| Summary: | 博士 === 國立陽明大學 === 生物醫學影像暨放射科學系 === 101 === Intracranial mass lesions include primary brain tumors, metastatic brain tumors, meningiomas, demyelination, abscesses and etc. Imaging features such as displacement of adjacent normal structures, contrast enhancement and perifocal edema are shared by these lesions. The treatment of intracranial mass lesions varies according to histopathology. Some require surgical resection, while others can be treated medically.
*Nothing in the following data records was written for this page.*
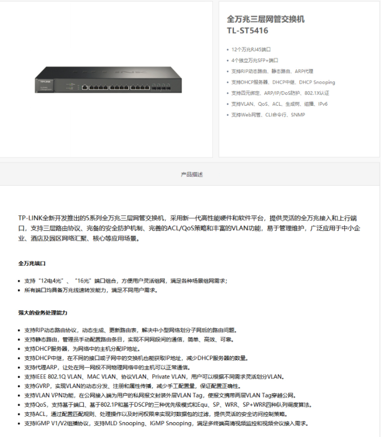 以太網(wǎng)交換機(jī)普聯(lián)/TP-LINK16口全萬(wàn)兆核心交換機(jī)三層網(wǎng)管型TL-ST5416/臺(tái)
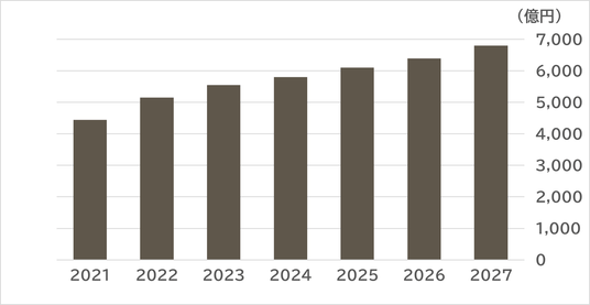 2024年の市場規模は、約5,800億円であったと推定され、今後も緩やかな成長が続き、2027年にはさらに拡大すると予測する。
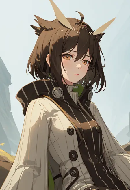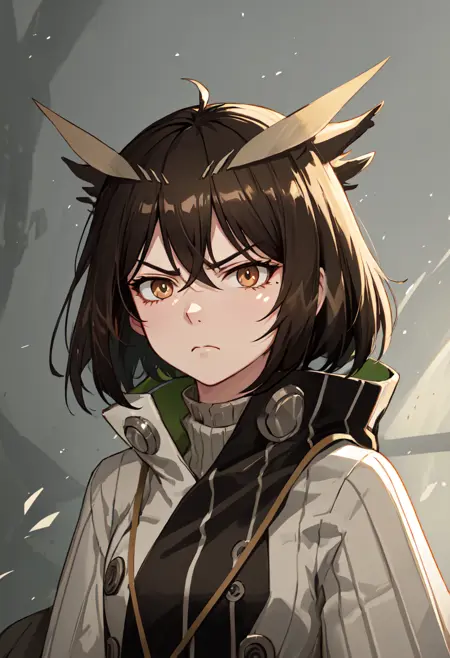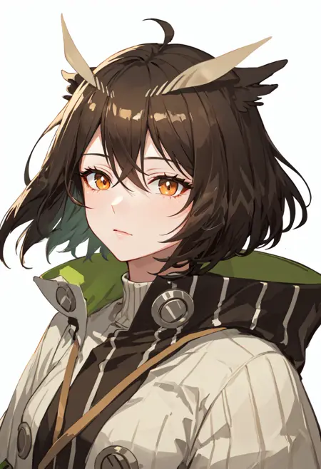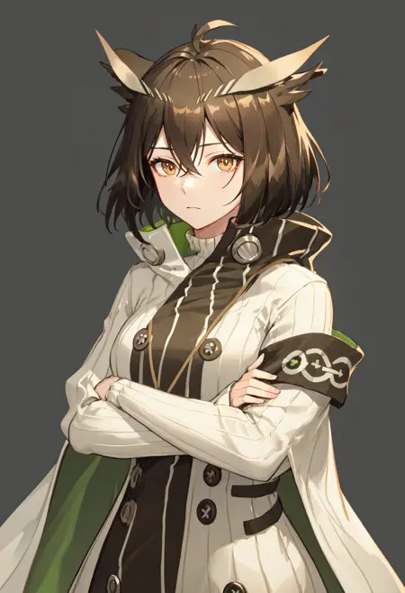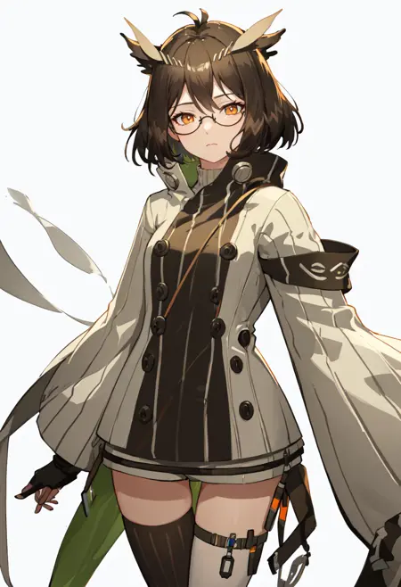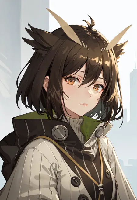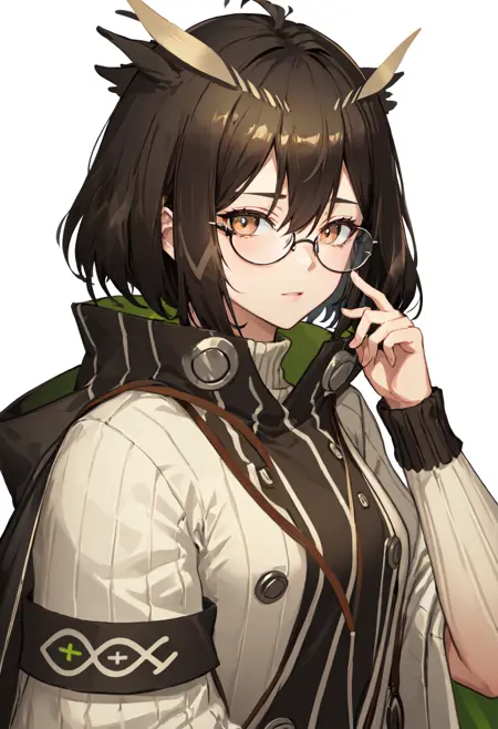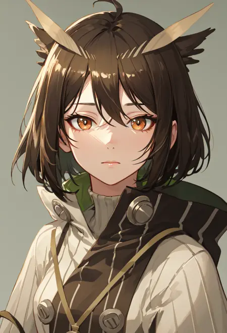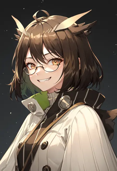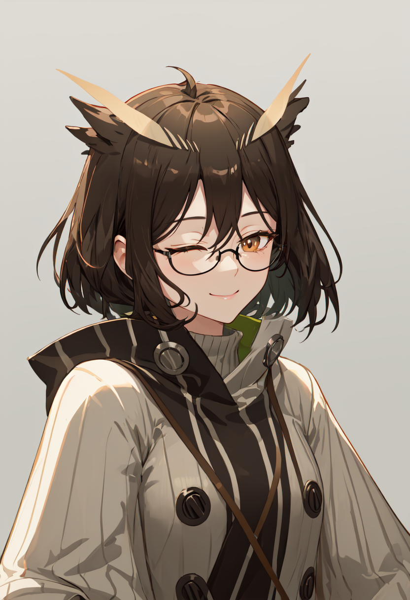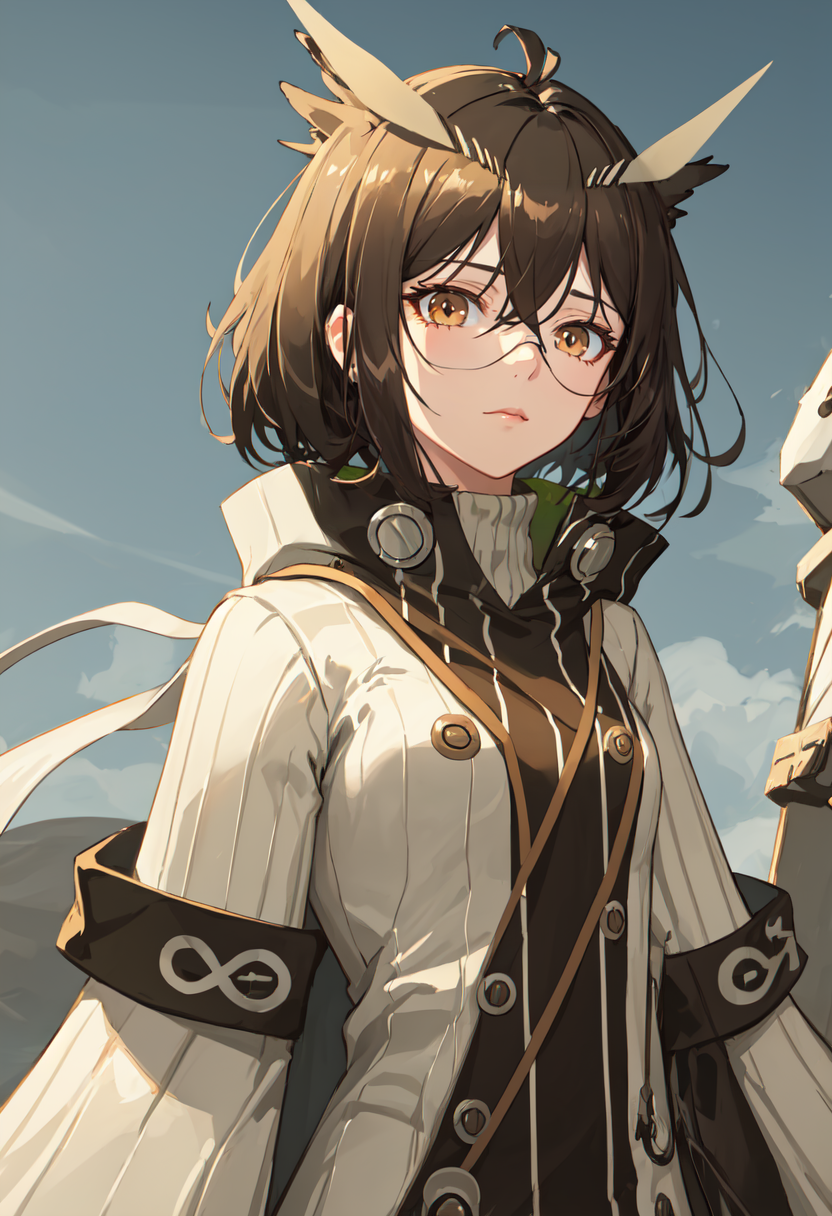 - 削減されたキャラクタータグは、茶色の髪、短髪、眼鏡、羽根のような髪、フクロウの耳、半フレーム眼鏡、茶色の目、目と目の間の髪、下フレーム眼鏡です。キャラクターの主要な特徴(例:髪の色)が安定しない場合、これらのタグをプロンプトに追加してください。
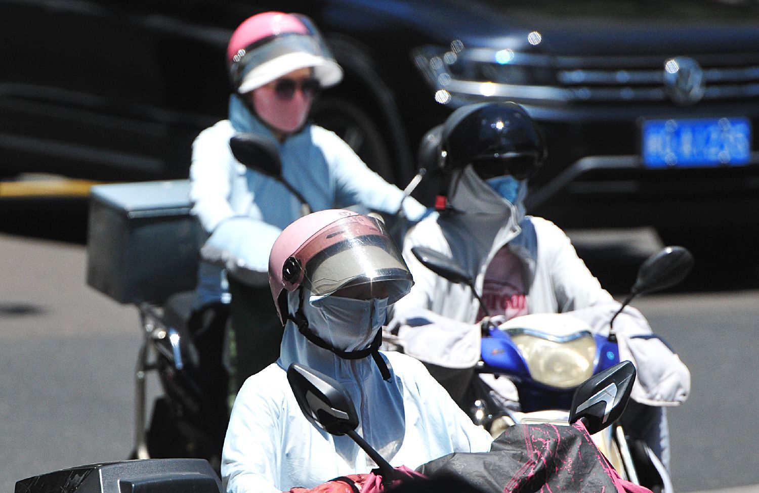 ▲7月8日,福建福州,市民“防晒装”出行。(图片来自中新社)
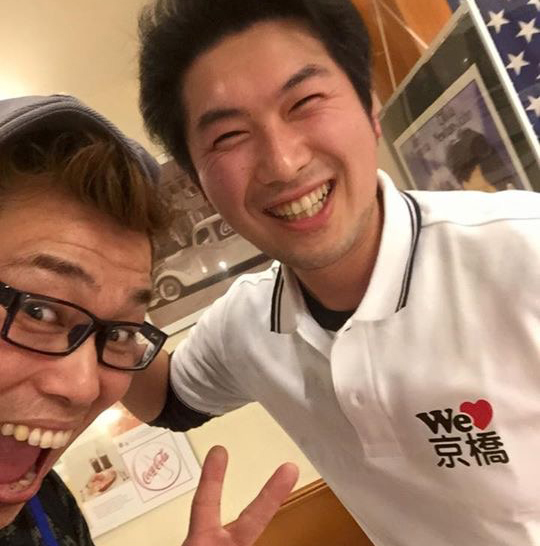 「京橋しゃべり場」代表の鷲見慎一(写真右)です。京橋しゃべり場とは大阪京橋地域の事業主、住民、利用者など京橋好きの若者が集まった団体です。
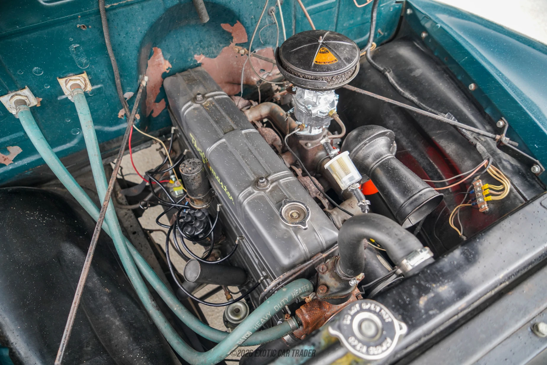Under the hood is Chevrolet’s 216-cubic-inch inline-six, a naturally aspirated engine originally rated at 85 horsepower at 3,300 RPM. The truck has benefited from recent recommissioning work to ensure proper operation after its long period in storage. An aftermarket fuel tank was installed, and the carburetion system was serviced—initially fitted with an aftermarket carburetor before the original Rochester carburetor was refreshed and reinstalled. The result is a truck that reportedly runs very well, maintaining the simple and durable mechanical character that made Chevrolet’s Stovebolt six-cylinder engines famous.

Conventional MRI remains the primary imaging modality for noninvasive evaluation of brain lesions. One major limitation of conventional MRI, however, is that it cannot provide physiological and metabolic information of the lesions. More advanced MR imaging techniques collectively known as physiologic MRI includes but not limited to diffusion-tensor imaging (DTI), dynamic susceptibility contrast-enhanced perfusion-weighted imaging (DSC-PWI) and susceptibility-weighted imaging (SWI), hold much promise to fill that role by potentially providing novel physiology-based information.
DTI provides information on histologic architecture such as cellularity and cellular organization by measuring the directional variation of water diffusivity. Relative cerebral blood volume (CBV) derived from DSC-PWI has been shown to correlate with degree of microvascular proliferation. SWI is a high-resolution 3D gradient-echo sequence that combines phase and magnitude information to detect magnetic susceptibility differences between adjacent tissues. Its high sensitivity in the detection of paramagnetic and diamagnetic substances such as iron deposits, blood degradation products, and calcifications provides clinically useful information in the evaluation of various disorders. The true strength of physiologic MRI is the ability to provide quantitative surrogate MR markers and depict changes in the internal architecture in the setting of no overall change in the conventional MRI.
The clinical utilities of physiologic MRI have been reported. Diffusion, perfusion and susceptibility imaging have been reported to be useful in gliomas grading and differentiation between high-grade gliomas from primary CNS lymphomas. Perfusion imaging is also useful in differentiating between high-grade gliomas and tumefactive demyelination. On the other hand meningioma subtyping can be accomplished with diffusion and perfusion imaging. The ability of diffusion, perfusion and susceptibility imaging in differentiating among various intracranial mass lesions implies that these advanced imaging techniques may reflect the histologic differences of various intracranial mass lesions.
We believe that physiologic MRI may help in solving some critical clinical issues. The 5 purposes in the present thesis study are: 1) to investigate if DTI could differentiate pyogenic brain abscesses from necrotic glioblastomas and cystic metastatic brain tumors; 2) to study the role of DTI in differentiating TDLs from high-grade gliomas; 3) to evaluate the role of SWI in differentiating pyogenic abscesses from high-grade gliomas; 4) to evaluate the roles of DTI and DSC-PWI in the assessing the angiographic vascularity of meningiomas; and 5) to investigate the role of DSC-PWI in differentiating pyogenic abscesses from necrotic glioblastomas and cystic metastases.
The results of these studies show that DTI and SWI could be useful in the differentiation of intracranial rim-enhancing mass. Besides, DTI could also discriminating tumefactive demyelinating lesions from high-grade gliomas. Both DTI and DSC-PWI could predict the angiographic vascularity of meningiomas. The results indicate that DTI, DSC-PWI and SWI may reflect the histologic differences of these intracranial mass lesions, and therefore the clinical role of physiologic MRI is promising.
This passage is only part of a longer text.